Уплыло все наше богатство.

Однако поджигателю, на удивление, оставили его мешочек с таблетками. В больнице после операции он стал наркоманом, глотал все таблетки, которые попадались ему под руку, больше всего любил кофеин и кодеин.

Через несколько дней после этого у поджигателя страшно разболелся живот. Сильво насмешливо мне подмигнул, но я не мог понять, что именно он мог подсыпать тому в еду, что могло бы повредить наркоману. Поджигатель почувствовал неладное и по собственной просьбе был перемещен в другую камеру.
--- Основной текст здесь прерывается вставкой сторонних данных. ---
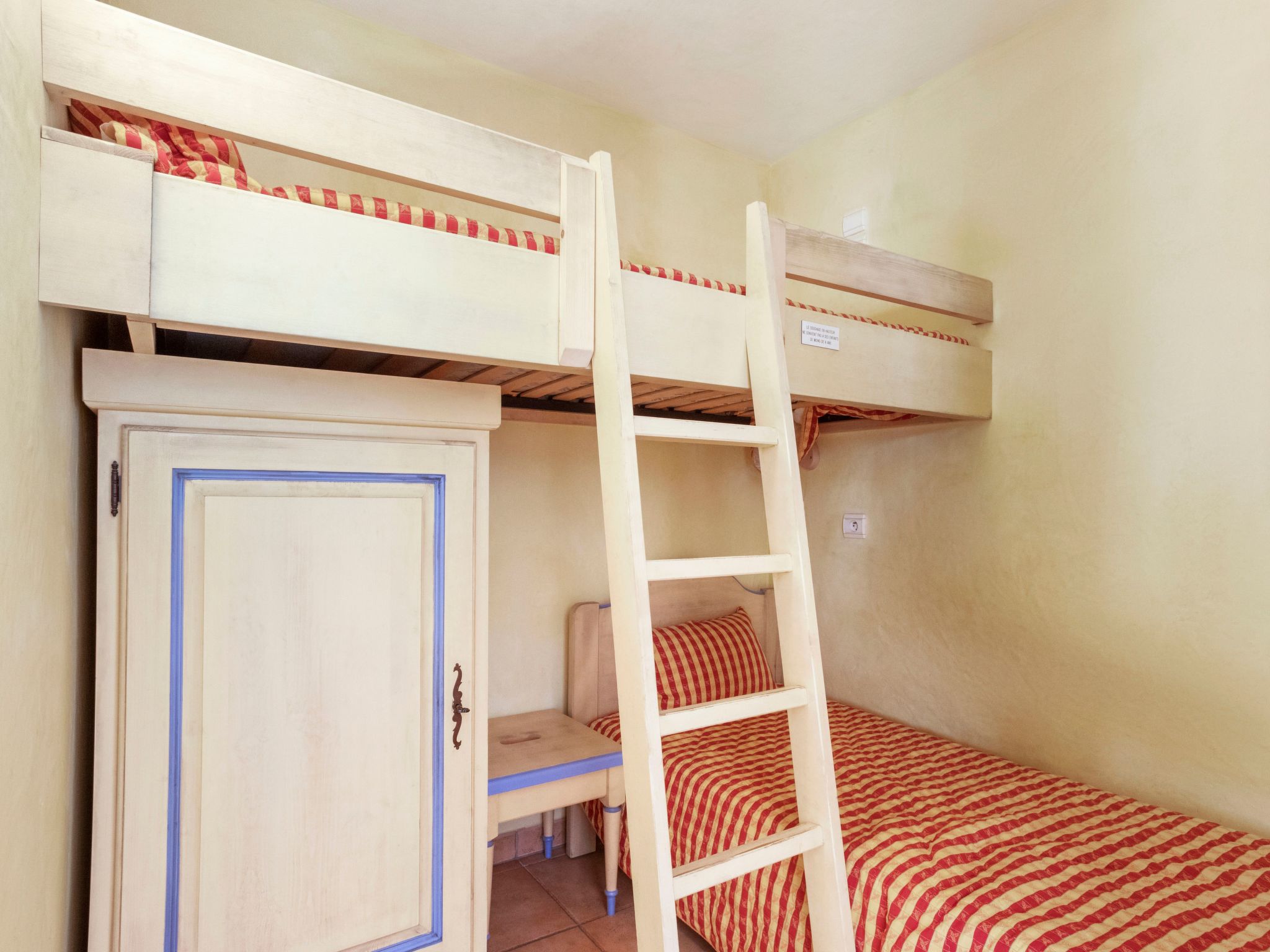 Decorated in Provençal style, the 35 m² flat has three fully furnished and equipped rooms for up to 4 people. It has a kitchenette (ceramic hob, oven, dishwasher, microwave, toaster), a living/dining room, a television, free Wi-Fi via fibre optic, a cabin with two bunk beds for children, a bedroom with a 1.60 m-wide bed, a bathroom (bath, washbasin), separate WC, and a large terrace with garden furniture, extending the living space. A number of features have recently been upgraded.
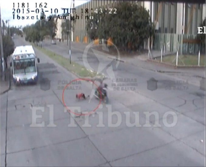 Un chico de 10 años cruzó la calle sin mirar en la esquina de Ameghino e Ibazeta, en Salta, y fue embestido por una moto.Las imágenes del accidente fueron registradas por las cámaras de seguridad de la provincia. Lo llamativo del episodio, además de la rapidez con la que el chico se levanta, es que a su paso sale su padre, que lo persigue hasta alcanzarlo.

Сильво не хотел рассказывать, что он предпринял, даже под серьезным нажимом. Да и времени у меня оставалось немного — меня переместили.

Цепи на руки, намек надзирателя о близящейся амнистии, и в путь. У Сильво на глаза накатились слезы.

Позже он меня выдал — это я в любом случае принимал в расчет. Из одиночки для умирающих в новом выстроенном отделении для заключенных в госпитале он перед смертью послал мне через все барьеры листочек с просьбой, чтобы я его перед концом простил. На кровати нашли привязанную тряпочку с надписью (химическим карандашом): «Здесь умер Сильво Подкрайшек».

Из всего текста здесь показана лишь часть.